Left ventricular assist devices (LVADs) have been increasingly used in patients with advanced heart failure, either as a destination therapy or as a bridge to heart transplant. Continuous flow (CF) LVADs have revolutionized advanced heart failure treatment. However, gastrointestinal bleeding (GIB) remain a major concern in this patient population. This entry provides an overview of the pathophysiology, clinical implications and management of GIB in patients with LVAD.

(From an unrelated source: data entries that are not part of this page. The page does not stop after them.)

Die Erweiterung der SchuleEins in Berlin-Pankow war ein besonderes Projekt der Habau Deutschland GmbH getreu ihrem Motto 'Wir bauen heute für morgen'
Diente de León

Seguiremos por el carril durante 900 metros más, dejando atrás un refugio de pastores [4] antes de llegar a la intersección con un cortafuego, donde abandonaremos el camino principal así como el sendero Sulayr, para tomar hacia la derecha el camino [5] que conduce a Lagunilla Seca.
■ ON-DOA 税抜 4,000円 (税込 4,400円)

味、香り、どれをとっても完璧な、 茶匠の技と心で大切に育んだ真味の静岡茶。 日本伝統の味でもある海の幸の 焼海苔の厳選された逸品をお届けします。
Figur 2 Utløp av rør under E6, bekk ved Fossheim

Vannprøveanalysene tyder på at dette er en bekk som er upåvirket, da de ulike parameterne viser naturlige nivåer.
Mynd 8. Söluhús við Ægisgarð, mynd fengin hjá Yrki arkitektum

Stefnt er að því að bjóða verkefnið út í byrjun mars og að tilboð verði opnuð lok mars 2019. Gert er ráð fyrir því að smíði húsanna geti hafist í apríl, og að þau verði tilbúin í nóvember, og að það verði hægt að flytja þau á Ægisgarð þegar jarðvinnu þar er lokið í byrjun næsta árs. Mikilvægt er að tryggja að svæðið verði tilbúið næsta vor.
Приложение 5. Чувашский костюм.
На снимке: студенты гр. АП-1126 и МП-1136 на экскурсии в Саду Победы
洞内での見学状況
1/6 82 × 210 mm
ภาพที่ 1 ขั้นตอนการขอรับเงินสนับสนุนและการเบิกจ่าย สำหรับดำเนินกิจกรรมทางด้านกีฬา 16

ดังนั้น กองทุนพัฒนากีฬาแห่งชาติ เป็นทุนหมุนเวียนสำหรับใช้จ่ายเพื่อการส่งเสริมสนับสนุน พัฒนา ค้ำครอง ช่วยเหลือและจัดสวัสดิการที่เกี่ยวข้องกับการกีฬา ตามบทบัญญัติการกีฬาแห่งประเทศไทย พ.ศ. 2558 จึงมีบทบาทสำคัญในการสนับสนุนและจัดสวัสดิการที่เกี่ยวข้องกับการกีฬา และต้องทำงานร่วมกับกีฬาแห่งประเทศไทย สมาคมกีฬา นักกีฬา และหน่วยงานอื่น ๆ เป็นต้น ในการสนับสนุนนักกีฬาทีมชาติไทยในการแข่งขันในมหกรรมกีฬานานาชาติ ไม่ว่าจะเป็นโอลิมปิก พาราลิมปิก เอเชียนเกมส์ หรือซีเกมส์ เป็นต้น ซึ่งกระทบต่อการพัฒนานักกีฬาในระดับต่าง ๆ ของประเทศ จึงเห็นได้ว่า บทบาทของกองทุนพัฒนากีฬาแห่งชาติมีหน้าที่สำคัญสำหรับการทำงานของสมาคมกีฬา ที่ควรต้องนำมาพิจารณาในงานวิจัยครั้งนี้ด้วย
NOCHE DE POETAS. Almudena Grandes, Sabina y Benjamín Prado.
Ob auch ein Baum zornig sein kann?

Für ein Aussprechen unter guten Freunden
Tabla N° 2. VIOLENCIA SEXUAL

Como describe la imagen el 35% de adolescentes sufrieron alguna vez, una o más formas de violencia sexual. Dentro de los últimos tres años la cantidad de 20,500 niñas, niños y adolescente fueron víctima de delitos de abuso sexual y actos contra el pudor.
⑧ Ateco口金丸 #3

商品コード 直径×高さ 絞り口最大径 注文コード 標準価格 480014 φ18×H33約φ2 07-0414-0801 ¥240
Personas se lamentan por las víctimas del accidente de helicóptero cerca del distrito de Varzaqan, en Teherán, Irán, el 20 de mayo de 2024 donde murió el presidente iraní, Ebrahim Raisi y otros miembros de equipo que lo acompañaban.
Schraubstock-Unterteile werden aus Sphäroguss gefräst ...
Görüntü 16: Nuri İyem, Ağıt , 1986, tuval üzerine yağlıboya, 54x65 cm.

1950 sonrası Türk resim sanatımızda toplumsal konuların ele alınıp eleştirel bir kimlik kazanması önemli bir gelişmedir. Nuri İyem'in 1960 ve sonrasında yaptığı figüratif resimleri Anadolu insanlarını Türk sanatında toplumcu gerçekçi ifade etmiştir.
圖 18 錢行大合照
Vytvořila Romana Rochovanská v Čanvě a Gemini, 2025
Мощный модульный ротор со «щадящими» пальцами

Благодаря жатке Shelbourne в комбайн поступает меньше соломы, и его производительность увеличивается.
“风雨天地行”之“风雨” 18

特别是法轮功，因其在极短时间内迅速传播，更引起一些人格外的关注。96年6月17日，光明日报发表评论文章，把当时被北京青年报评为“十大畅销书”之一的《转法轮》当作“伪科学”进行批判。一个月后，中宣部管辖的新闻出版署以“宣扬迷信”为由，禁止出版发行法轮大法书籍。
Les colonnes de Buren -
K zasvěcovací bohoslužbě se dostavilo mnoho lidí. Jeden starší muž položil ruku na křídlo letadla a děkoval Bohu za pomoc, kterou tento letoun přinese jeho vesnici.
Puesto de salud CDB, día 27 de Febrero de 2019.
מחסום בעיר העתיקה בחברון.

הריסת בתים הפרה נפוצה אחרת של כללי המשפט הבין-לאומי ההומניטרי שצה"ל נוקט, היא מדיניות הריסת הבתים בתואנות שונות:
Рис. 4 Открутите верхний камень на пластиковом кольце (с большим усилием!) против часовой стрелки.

  • continuous flow left ventricular assist device
  • gastrointestinal bleeding
  • stroke

1. Introduction

Left ventricular assist device (LVAD) support has become a valuable therapeutic option to improve survival and quality of life in patients with advanced heart failure [1]. Despite the advancements in LVAD design, long-term exposure to continuous-flow (CF) LVADs has been linked to vascular dysfunction and major vascular sequelae, including bleeding and thrombosis. The endothelium plays a major role in vascular dysfunction exhibited by CF-LVAD recipients. The reduced pulsatility in CF-LVADs is thought to be a major factor for endothelial dysfunction. Moreover, supraphysiological shear stress in CF-LVADs results in hemolysis, von Willebrand factor (VWF) degradation and other changes that eventually contribute to the development of vascular pathology [2,3,4,5][2][3][4][5]. The non-physiological flow pattern in CF-LVADs worsens the endothelial dysfunction and results in elevated reactive oxygen species, generation of proinflammatory factors, platelet activation, vascular wall permeability, dysregulated vascular tone, and nitric oxide (NO) deficiency [6]. These changes in the vascular bed lead to several vascular complications that can impact the quality of life, heart transplant (HT) probability, and survival in CF-LVAD patients.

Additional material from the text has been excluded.